#### [Task directions]
Take the records below from their first line through the line holding "Wood Bookends Decorative", and set each of those lines down exactly, without pictures.

################

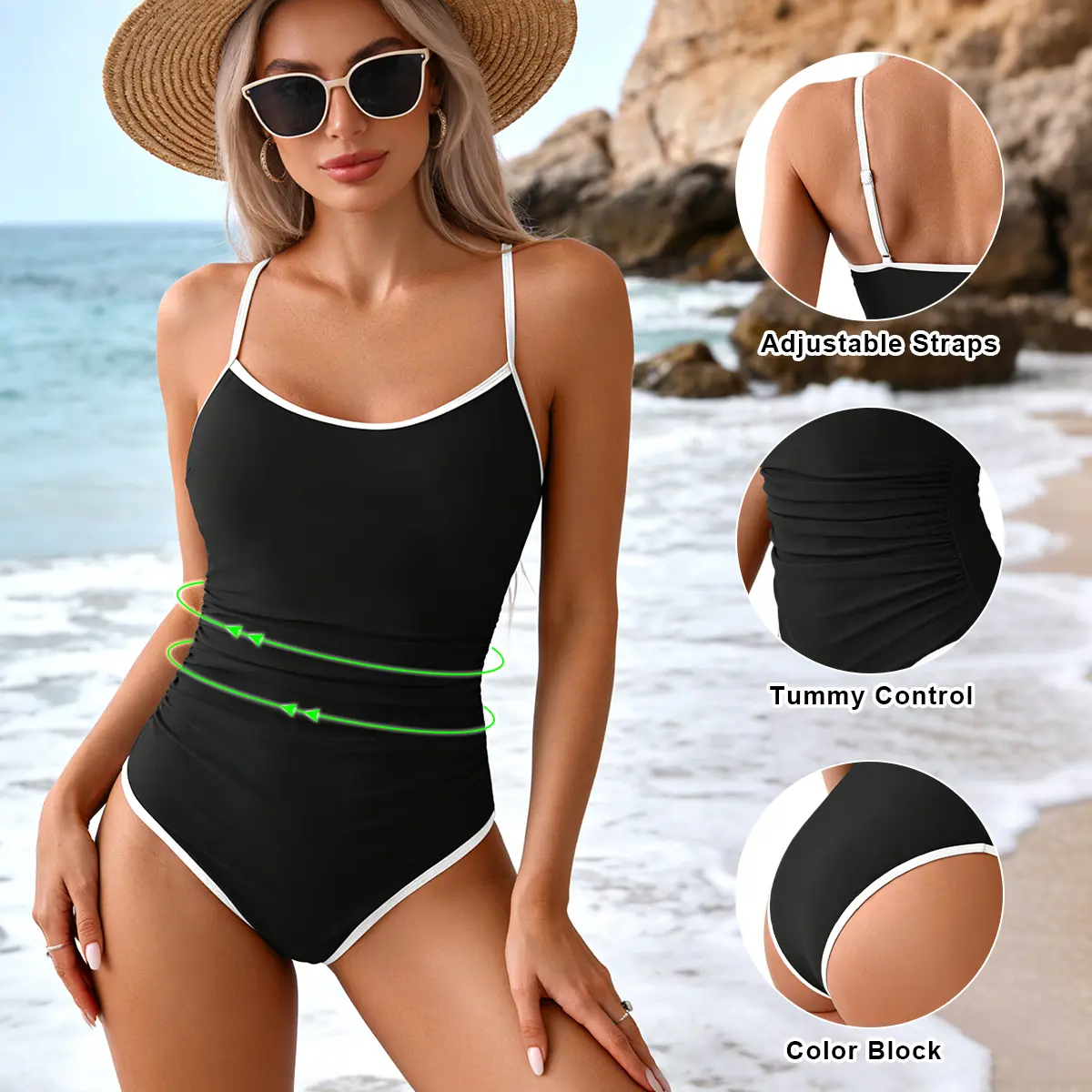 【Feature】Eye-catching color block design, removable soft padded bra support well, double-lined, adjustable spaghetti straps fix the swimsuit well, and make you more relaxed when playing.
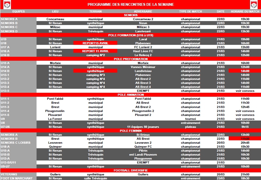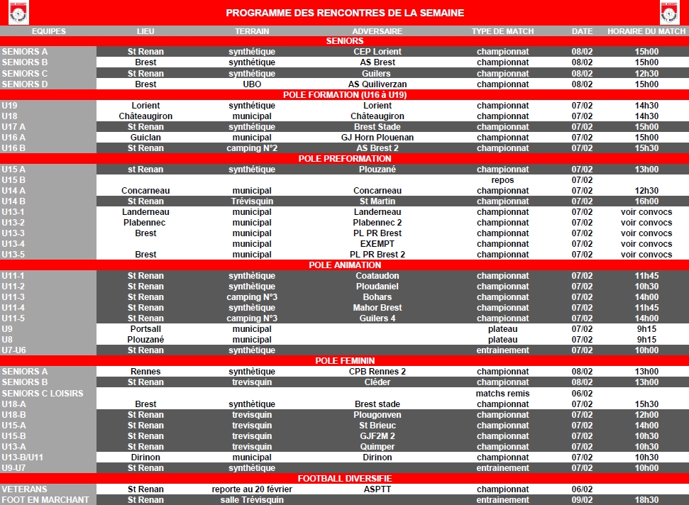 Planning de la semaine
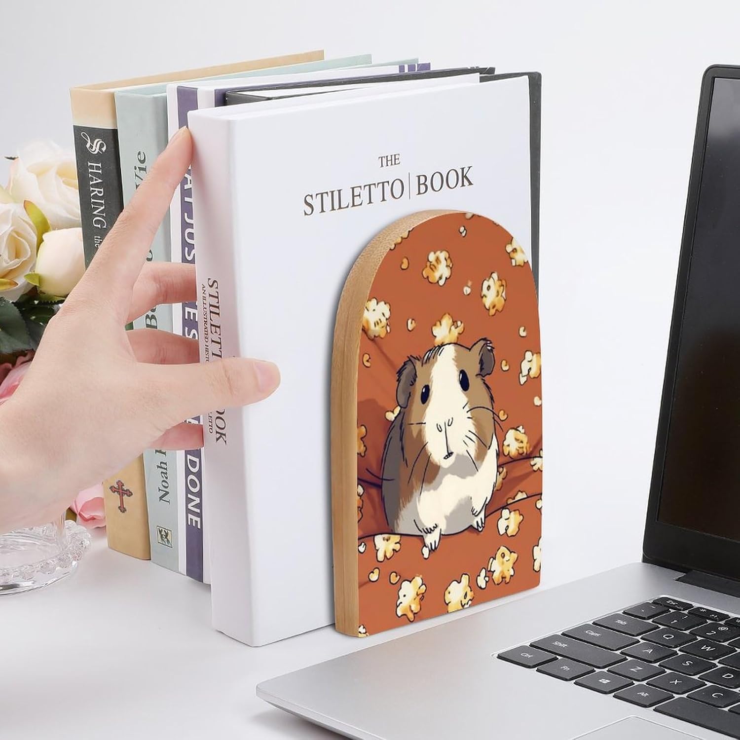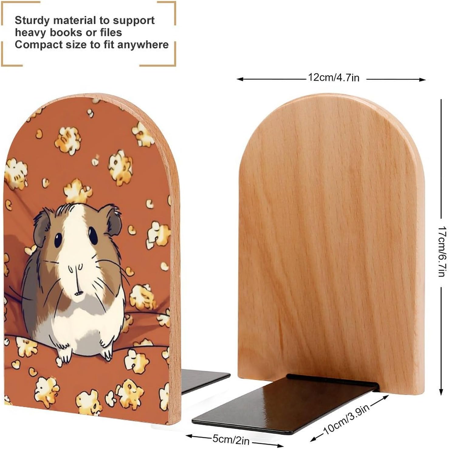Wood Bookends Decorative Bookshelf Guinea Pig and Popcorn Heavy Duty Wooden Book Shelf Decorate Bookshelves Book Stopper Book Holders Desk Accessories
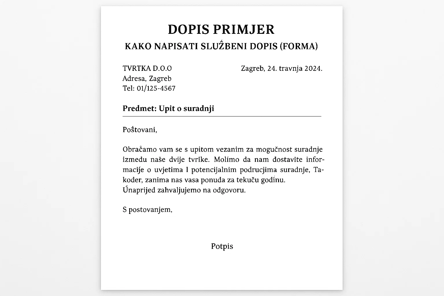 • Struktura je kralj: Svaki službeni dopis ima istu strukturu—vaši podaci, podaci primatelja, datum, predmet, sadržaj, pozdrav i potpis. Držite se toga.
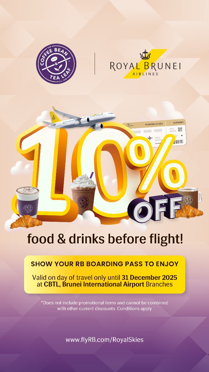 SHOW YOUR RB BOARDING PASS TO ENJOY. Valid on day of travel only until 31 December 2025 at CBTL, Brunei International Airport Branches

################

#### [Exercise output]
 【Feature】Eye-catching color block design, removable soft padded bra support well, double-lined, adjustable spaghetti straps fix the swimsuit well, and make you more relaxed when playing.
 Planning de la semaine
Wood Bookends Decorative Bookshelf Guinea Pig and Popcorn Heavy Duty Wooden Book Shelf Decorate Bookshelves Book Stopper Book Holders Desk Accessories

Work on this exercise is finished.